Market Update as of 29 January 2026

U.S. Markets:
U.S. equities closed mixed on Thursday as weakness in technology weighed on sentiment despite selective earnings strength. The S&P 500 slipped 0.1% and the Nasdaq 100 fell 0.5%, while the Dow edged 0.1% higher. Microsoft plunged 10% after flagging slower cloud growth alongside heavy AI-related spending, dragging software stocks lower and reigniting valuation concerns. In contrast, Meta surged over 10% on upbeat guidance, while IBM and Caterpillar outperformed after delivering earnings beats.

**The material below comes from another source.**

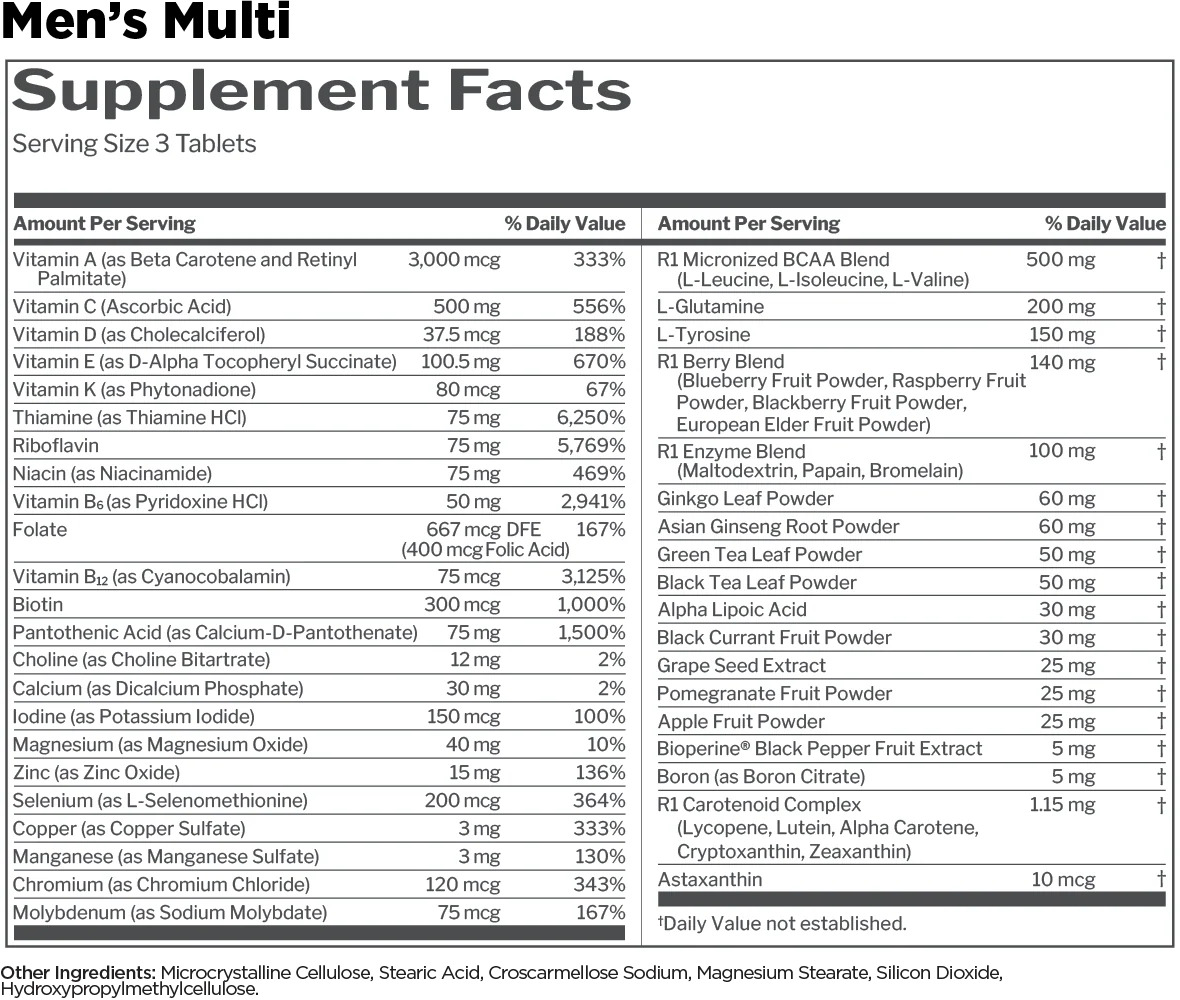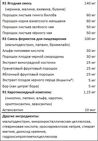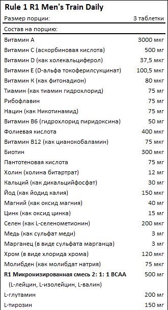 Мощная мультивитаминная формула R1 Train Daily от Rule1 характеризуется наличием широкого спектра питательных веществ в составе: 22 витамина и минерала, пищеварительные ферменты, аминокислоты, растительные экстракты, комплекс каратиноидов, а также богатый фитосоединениями фруктовый концентрат.

Treasuries firmed modestly, oil prices rose on geopolitical risks, and gold eased as investors remained cautious amid earnings uncertainty.
Bonds and Policy Outlook:
The U.S. 10-year Treasury yield remained above 4.25%, near five-month highs, after the Federal Reserve kept policy rates unchanged at 3.5%-3.75%. Two FOMC members dissented in favour of a 25bp cut, reinforcing uncertainty around the policy path, though markets continue to price roughly two cuts this year. Expectations of a steeper yield curve persisted as the Fed reinvests maturing securities into shorter-dated bills. Long-term yields also faced pressure from tariff threats and global policy shifts, keeping rates sentiment fragile.
Europe:
European equities declined on Thursday as weak corporate earnings weighed on sentiment. The STOXX 50 fell 0.7% , and the STOXX 600 slipped 0.2%, led by a sharp sell-off in SAP after disappointing cloud revenue and cautious backlog guidance. Technology stocks lagged, while ABB surged on strong results and Roche gained on resilient earnings. Macro data were more constructive, with confidence indicators improving and credit growth strengthening, pushing the Economic Sentiment Indicator to a three-year high and signalling gradual recovery momentum.
Asia:
Chinese equities extended gains on Thursday as mining and property stocks advanced on easing signals and rising metals prices. While industrial profits stabilised and liquidity injections supported sentiment, weak domestic demand, falling investment, and declining FDI continued to highlight structural challenges. Japanese equities rebounded on improved global sentiment and easing geopolitical tensions, though fiscal uncertainty and bond-market pressures persisted amid expansionary policy signals.
Market Volatility:
Volatility rose further, with the VIX climbing to 16.79 for the week, though it remains below its long-term average.
In the week ahead (Feb 2-6):
Markets will focus on U.S. ISM data, ADP jobs, Eurozone CPI, BoE and ECB meetings, and U.S. and Canada employment reports.